━━━ Input data
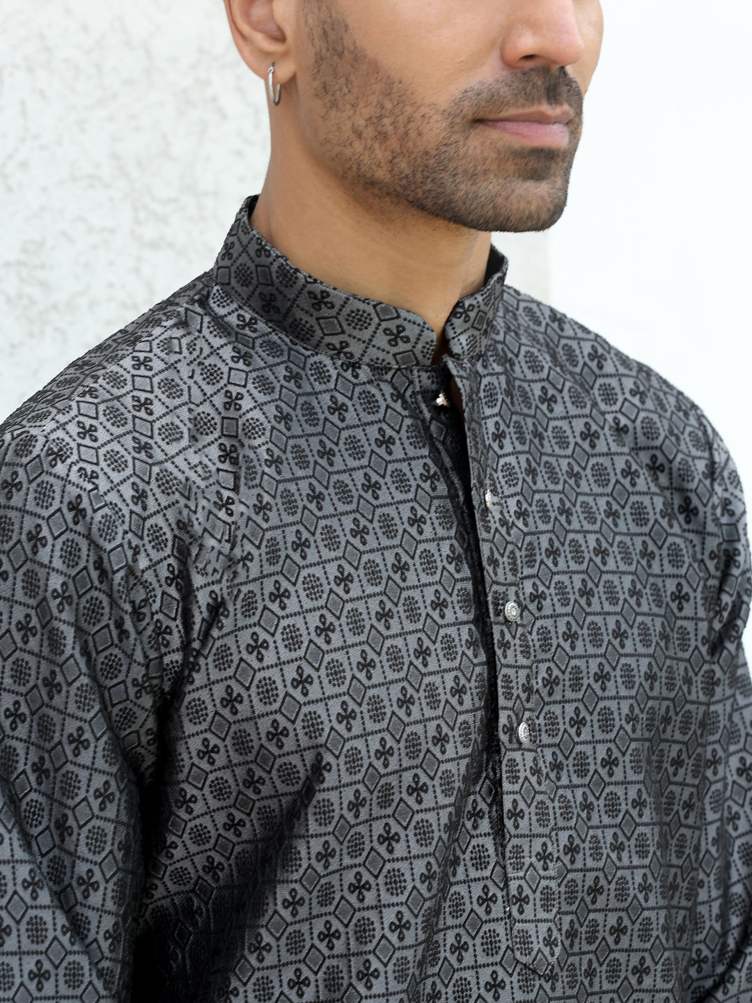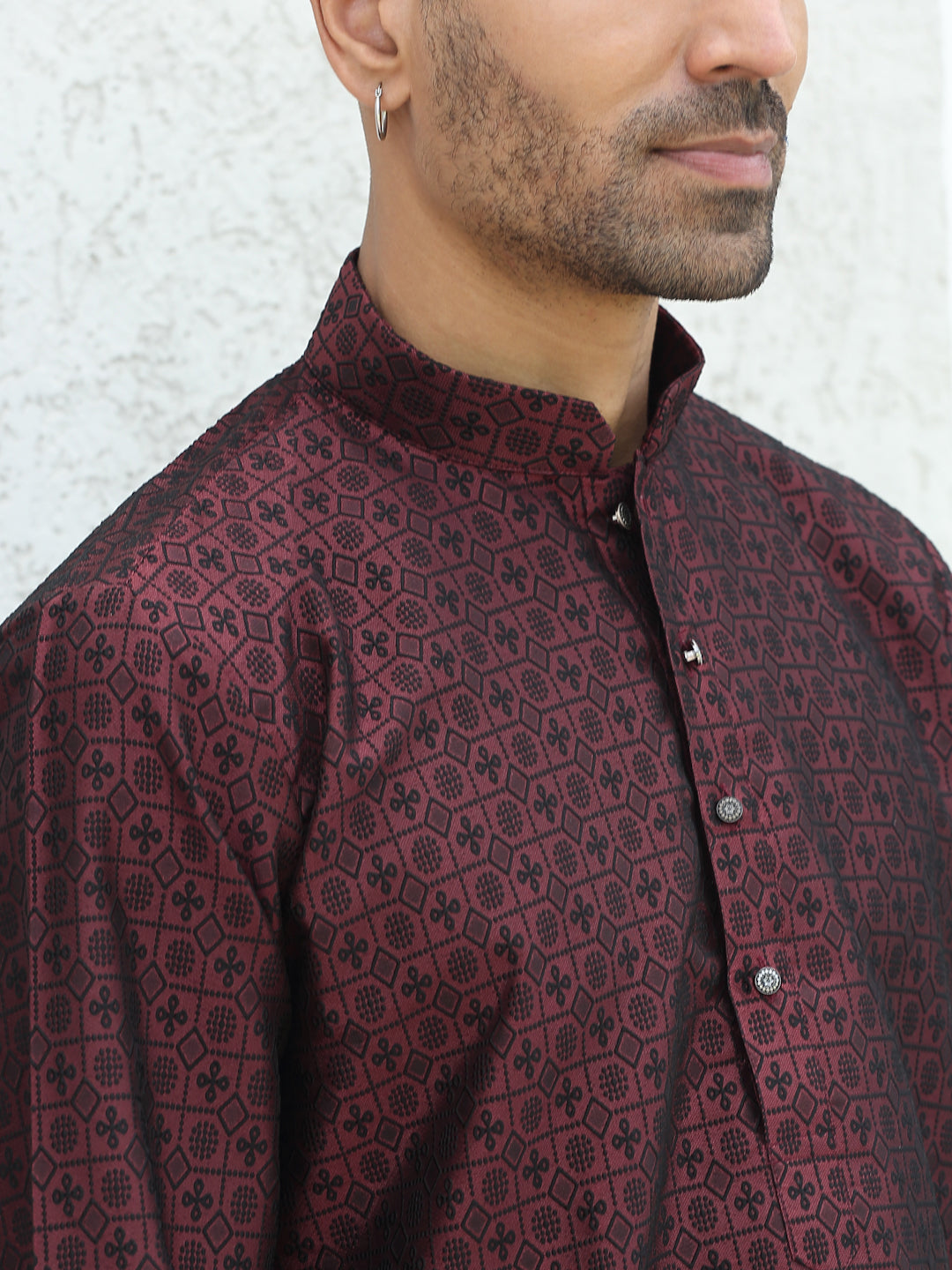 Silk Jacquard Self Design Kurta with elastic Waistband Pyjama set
━━━━━━
━━━ Input data
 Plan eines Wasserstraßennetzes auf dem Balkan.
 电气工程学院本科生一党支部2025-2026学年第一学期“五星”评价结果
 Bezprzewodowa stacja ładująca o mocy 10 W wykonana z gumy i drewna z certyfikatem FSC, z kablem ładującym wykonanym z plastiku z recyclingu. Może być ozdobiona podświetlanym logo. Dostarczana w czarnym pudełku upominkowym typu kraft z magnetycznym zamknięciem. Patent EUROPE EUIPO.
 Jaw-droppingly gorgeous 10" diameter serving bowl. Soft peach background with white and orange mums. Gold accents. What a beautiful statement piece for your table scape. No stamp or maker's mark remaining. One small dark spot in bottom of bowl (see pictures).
━━━━━━
━━━ Input data
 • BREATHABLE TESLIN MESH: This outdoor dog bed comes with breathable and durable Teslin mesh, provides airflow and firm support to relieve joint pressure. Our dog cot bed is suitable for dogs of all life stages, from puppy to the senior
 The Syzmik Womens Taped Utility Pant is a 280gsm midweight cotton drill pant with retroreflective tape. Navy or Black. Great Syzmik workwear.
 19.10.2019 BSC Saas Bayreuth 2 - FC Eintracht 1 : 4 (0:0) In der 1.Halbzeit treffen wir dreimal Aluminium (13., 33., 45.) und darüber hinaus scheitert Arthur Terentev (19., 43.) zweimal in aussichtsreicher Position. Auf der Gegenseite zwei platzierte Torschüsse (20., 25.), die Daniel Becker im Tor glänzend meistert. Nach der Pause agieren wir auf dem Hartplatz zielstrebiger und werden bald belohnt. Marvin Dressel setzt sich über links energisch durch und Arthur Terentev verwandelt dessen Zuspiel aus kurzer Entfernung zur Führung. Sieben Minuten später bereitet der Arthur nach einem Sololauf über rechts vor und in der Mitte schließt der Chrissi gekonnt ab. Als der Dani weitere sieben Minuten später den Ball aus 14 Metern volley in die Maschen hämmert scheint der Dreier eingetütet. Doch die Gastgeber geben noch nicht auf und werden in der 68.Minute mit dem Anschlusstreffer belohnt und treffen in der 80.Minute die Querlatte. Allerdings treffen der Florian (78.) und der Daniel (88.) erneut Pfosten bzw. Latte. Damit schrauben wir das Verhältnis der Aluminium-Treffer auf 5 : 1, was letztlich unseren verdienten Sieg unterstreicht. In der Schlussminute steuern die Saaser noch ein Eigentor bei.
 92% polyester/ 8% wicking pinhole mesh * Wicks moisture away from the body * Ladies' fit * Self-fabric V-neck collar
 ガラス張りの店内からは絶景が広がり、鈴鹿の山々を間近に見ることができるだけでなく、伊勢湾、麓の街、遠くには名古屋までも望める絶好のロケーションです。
━━━━━━
What is required >>
Scan the listing for the string "from", then copy every line where it appears.

Task solution >>
 • BREATHABLE TESLIN MESH: This outdoor dog bed comes with breathable and durable Teslin mesh, provides airflow and firm support to relieve joint pressure. Our dog cot bed is suitable for dogs of all life stages, from puppy to the senior
 92% polyester/ 8% wicking pinhole mesh * Wicks moisture away from the body * Ladies' fit * Self-fabric V-neck collar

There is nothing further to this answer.